With the images removed, write out every line below exactly.

Start of DATA SHOWN

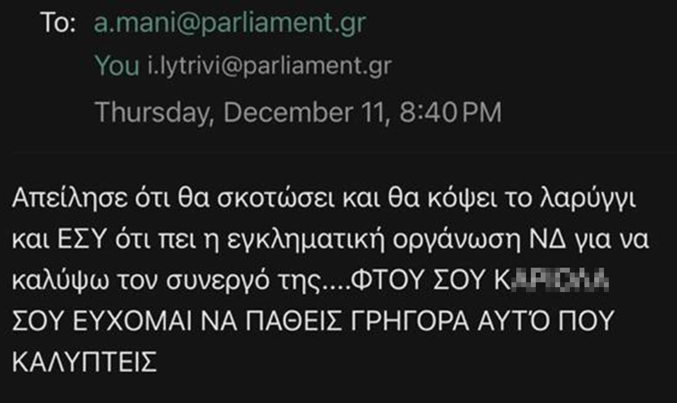 Ειδικότερα, όπως αναφέρουν οι ίδιες πηγές, τα απειλητικά μηνύματα που έχουν αποσταλεί σε βουλευτές της Νέας Δημοκρατίας «συνιστούν ανοιχτές και ωμές απειλές κατά της ανθρώπινης ζωής, με αναφορές σε δολοφονία και ακρωτηριασμό. Πρόκειται για ακραίες, εγκληματικού χαρακτήρα πρακτικές που δεν έχουν καμία θέση σε μια δημοκρατική χώρα».
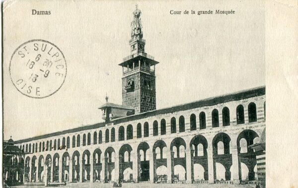Ottoman Syria: 1913 postcard titled ‘Damas. Cour de la grande Mosquee’ to France franked with 20pa and tied by Damas 1 datestamp and arrival cds.
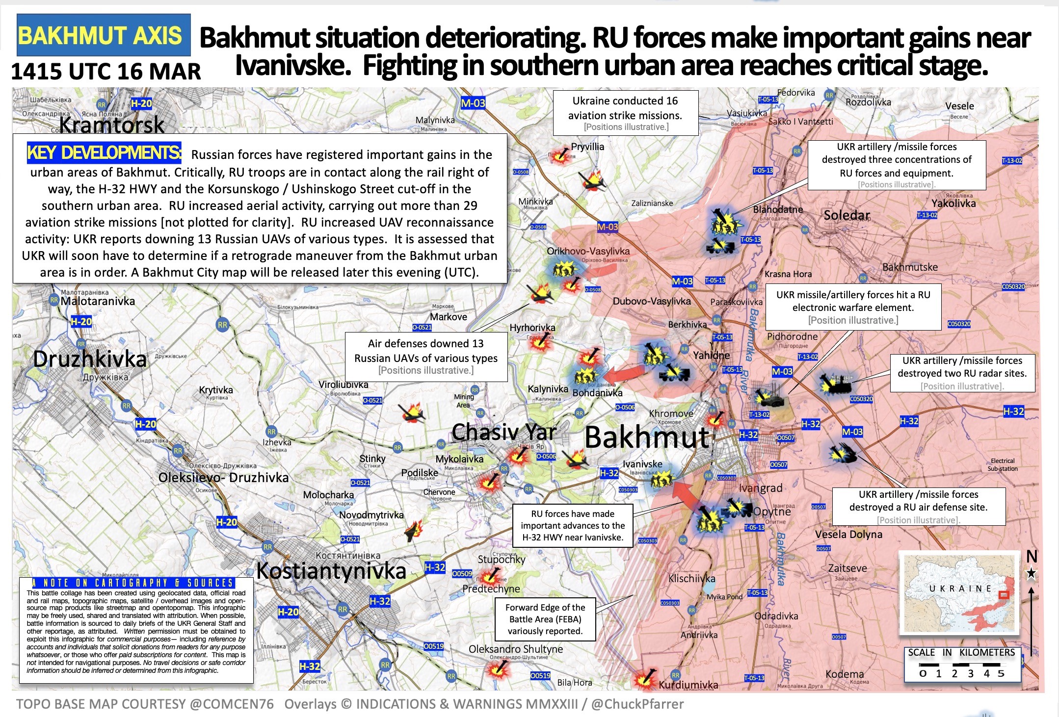Американский военный обозреватель Чак Пфаррер пишет, что российские войска "добились значительных успехов в городских районах Бахмута" и находятся вплотную к шоссе Н-32, которое идет на Красное и Константиновку (которая и сегодня была под интенсивным обстрелом, поскольку через нее идет снабжение Бахмута).
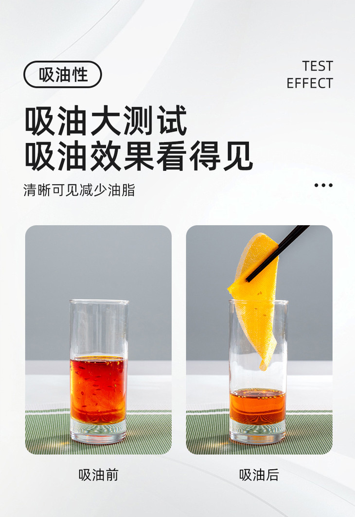 🌟 亮点1:高效吸油,汤面清澈见底 现在有了这款吸油纸,只需要轻轻一放, 短短几秒钟就能看到油脂被迅速吸走, 浮油都乖乖被锁住了
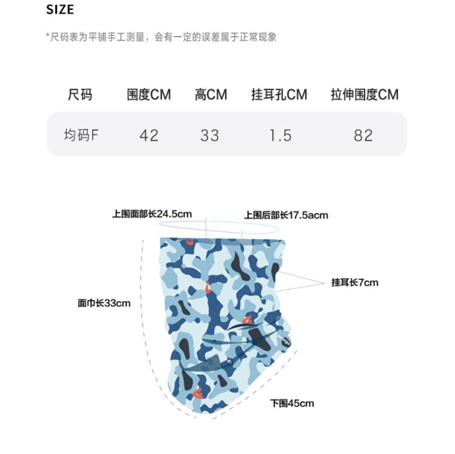 oribigo运动凉感面巾/无缝面巾 UPF50+ A类品质 健康亲肤轻薄防晒 3A抗菌多次水洗效果不减 挂耳设计 运动不易掉【3月运动服清仓专场】
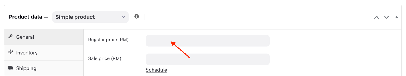 4. Under the General tab, enter the product Regular price and Sale price (if any).
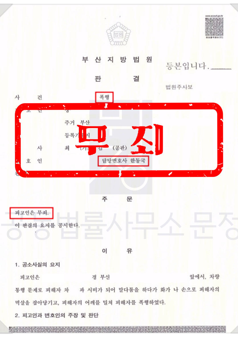 이번에 소개드릴 위닝 케이스는 운전 중 통행 시비로 인해 상대방의 폭행을 저지하다가 쌍방폭행으로 기소된 사안에서, 부산 변호사 문정의 변호인단의 조력으로 무죄를 선고받은 사례입니다.
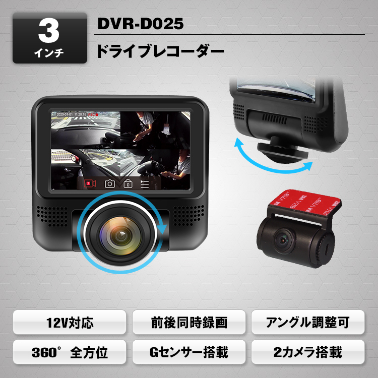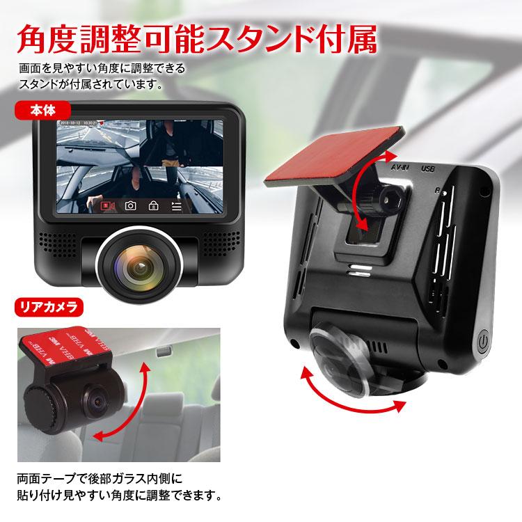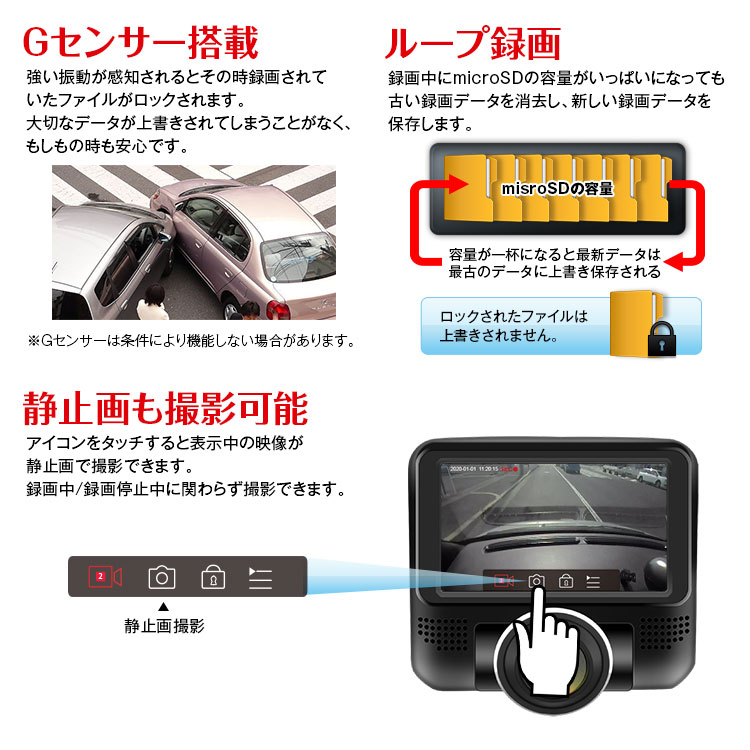 フロント・リアの前後同時録画機能を搭載。フロントカメラ(1440×1440pixel)リアカメラ(1920×1080pixel)の録画が可能です。また、エンジンに連動して自動で録画を開始・終了します。容量が最大になると自動で古いデータを消去します。
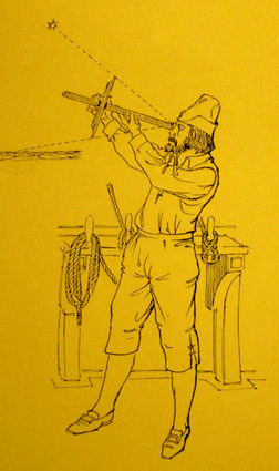 画像は、太陽・星などの天体の高度を測定し、おおよその緯度の計算を可能にしたクロス・スタッフ(Cross Staff)
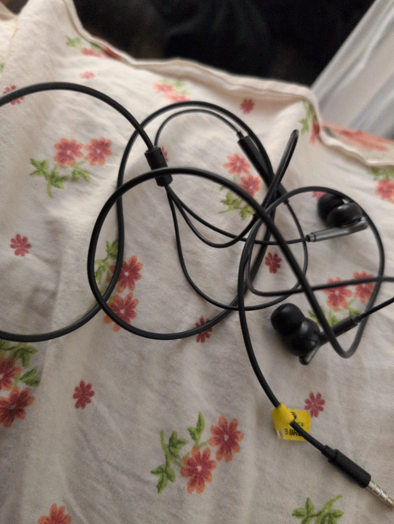Selling a black wired earbuds. They're in good condition and ready for a new home!
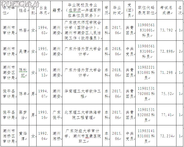根据中共广东省委组织部、省人力资源和社会保障厅、省公务员局《广东省2018年考试录用公务员公告》的有关要求,经笔试、面试、体检、考察合格,现将拟录用公务员予以公示:
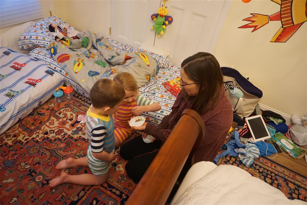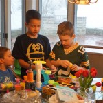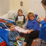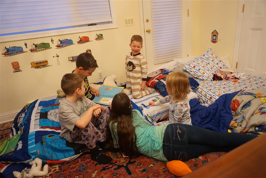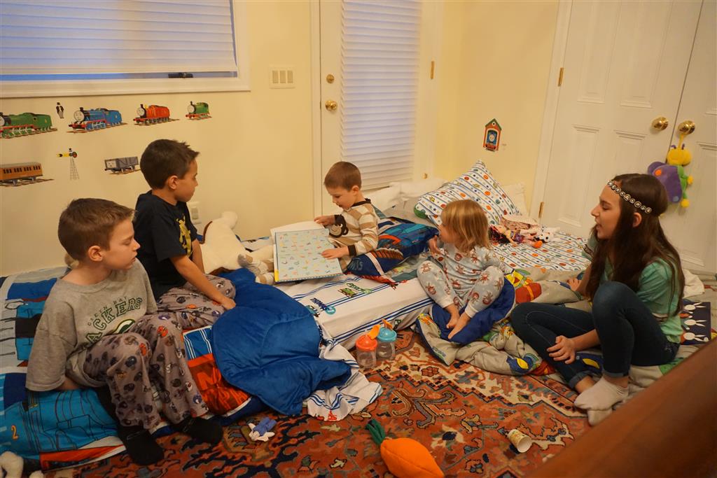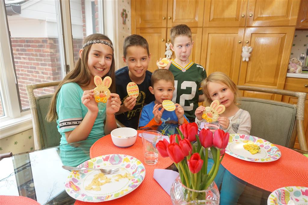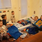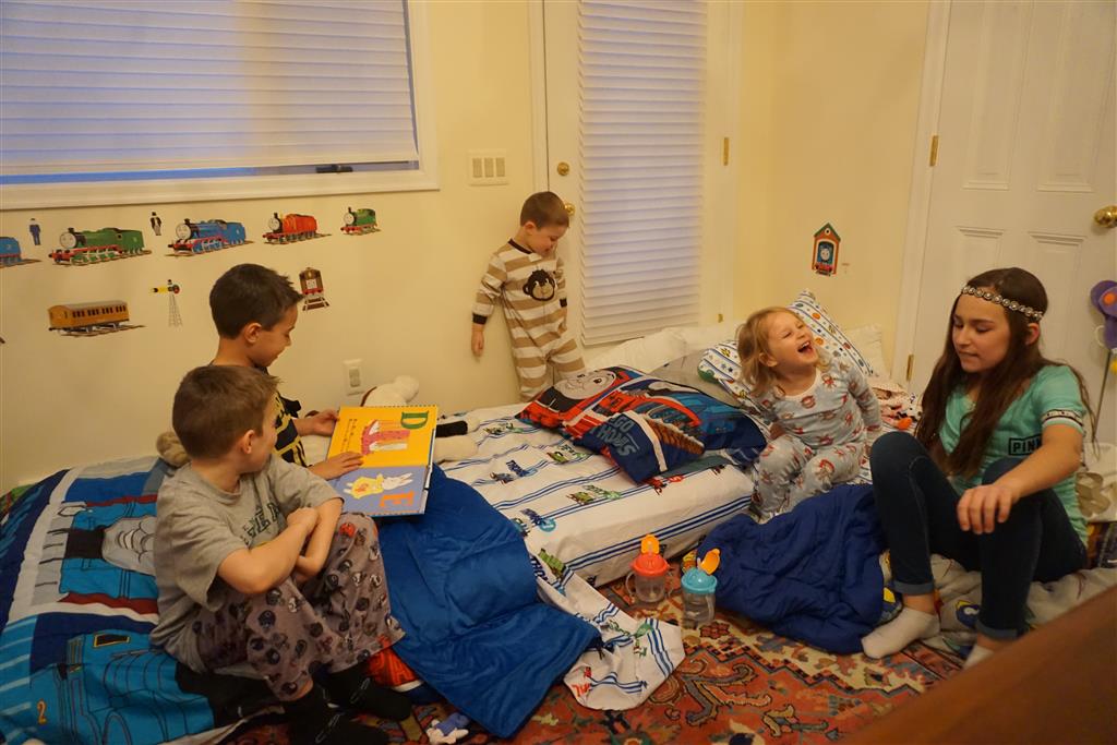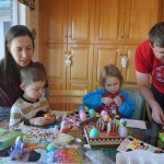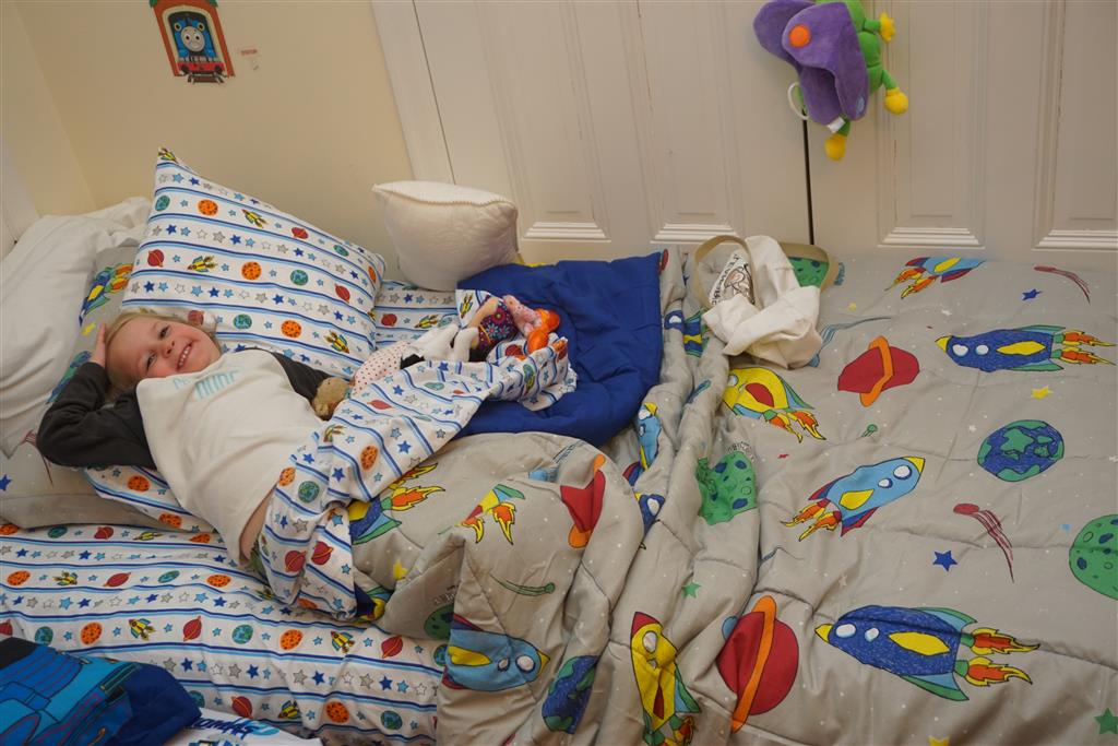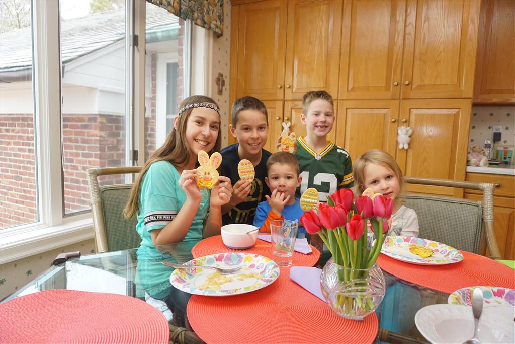 Henry and Eleanor celebrated Easter this week with lots of fun at Grandma and Grandpa’s house. Mackenzie, Jack, Ben, Mahlia, Brooke and Buddy all joined in on the fun. There were new sleeping arrangements, and both Henry and Eleanor were thrilled with their new sheets. I asked Eleanor, “How is your rocket ship bed, is it good?” and she replied, “It’s not good, it’s great!”. Ha! We made it go Gino’s for a pizza dinner, launched some rockets, died some Easter eggs, rode some trikes and generally had a great time.
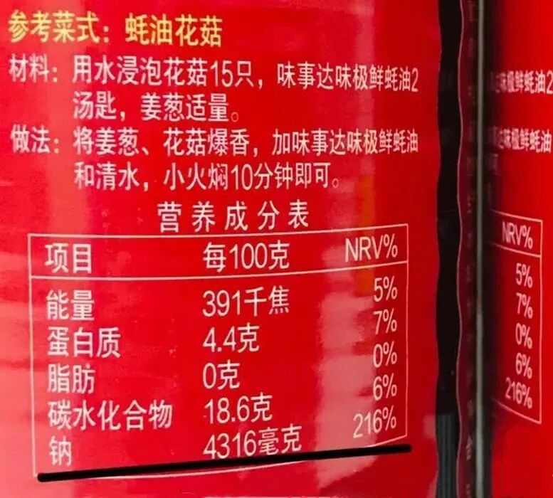 1克盐大约等于400毫克钠,而有些蚝油,100克就含有4000多毫克的钠,大致等于10克盐的用量!要知道,成年人每天盐的摄入是6克,虽然炒一次菜不能加100克蚝油,但别忘了,一天三顿饭,还有其它的菜肴,所以,很容易钠元素摄入过多。

End of DATA SHOWN

* **YOUR RESPONSE**
 Ειδικότερα, όπως αναφέρουν οι ίδιες πηγές, τα απειλητικά μηνύματα που έχουν αποσταλεί σε βουλευτές της Νέας Δημοκρατίας «συνιστούν ανοιχτές και ωμές απειλές κατά της ανθρώπινης ζωής, με αναφορές σε δολοφονία και ακρωτηριασμό. Πρόκειται για ακραίες, εγκληματικού χαρακτήρα πρακτικές που δεν έχουν καμία θέση σε μια δημοκρατική χώρα».
Ottoman Syria: 1913 postcard titled ‘Damas. Cour de la grande Mosquee’ to France franked with 20pa and tied by Damas 1 datestamp and arrival cds.
Американский военный обозреватель Чак Пфаррер пишет, что российские войска "добились значительных успехов в городских районах Бахмута" и находятся вплотную к шоссе Н-32, которое идет на Красное и Константиновку (которая и сегодня была под интенсивным обстрелом, поскольку через нее идет снабжение Бахмута).
 🌟 亮点1:高效吸油,汤面清澈见底 现在有了这款吸油纸,只需要轻轻一放, 短短几秒钟就能看到油脂被迅速吸走, 浮油都乖乖被锁住了
 oribigo运动凉感面巾/无缝面巾 UPF50+ A类品质 健康亲肤轻薄防晒 3A抗菌多次水洗效果不减 挂耳设计 运动不易掉【3月运动服清仓专场】
 4. Under the General tab, enter the product Regular price and Sale price (if any).
 이번에 소개드릴 위닝 케이스는 운전 중 통행 시비로 인해 상대방의 폭행을 저지하다가 쌍방폭행으로 기소된 사안에서, 부산 변호사 문정의 변호인단의 조력으로 무죄를 선고받은 사례입니다.
 フロント・リアの前後同時録画機能を搭載。フロントカメラ(1440×1440pixel)リアカメラ(1920×1080pixel)の録画が可能です。また、エンジンに連動して自動で録画を開始・終了します。容量が最大になると自動で古いデータを消去します。
 画像は、太陽・星などの天体の高度を測定し、おおよその緯度の計算を可能にしたクロス・スタッフ(Cross Staff)
Selling a black wired earbuds. They're in good condition and ready for a new home!
根据中共广东省委组织部、省人力资源和社会保障厅、省公务员局《广东省2018年考试录用公务员公告》的有关要求,经笔试、面试、体检、考察合格,现将拟录用公务员予以公示:
 Henry and Eleanor celebrated Easter this week with lots of fun at Grandma and Grandpa’s house. Mackenzie, Jack, Ben, Mahlia, Brooke and Buddy all joined in on the fun. There were new sleeping arrangements, and both Henry and Eleanor were thrilled with their new sheets. I asked Eleanor, “How is your rocket ship bed, is it good?” and she replied, “It’s not good, it’s great!”. Ha! We made it go Gino’s for a pizza dinner, launched some rockets, died some Easter eggs, rode some trikes and generally had a great time.
 1克盐大约等于400毫克钠,而有些蚝油,100克就含有4000多毫克的钠,大致等于10克盐的用量!要知道,成年人每天盐的摄入是6克,虽然炒一次菜不能加100克蚝油,但别忘了,一天三顿饭,还有其它的菜肴,所以,很容易钠元素摄入过多。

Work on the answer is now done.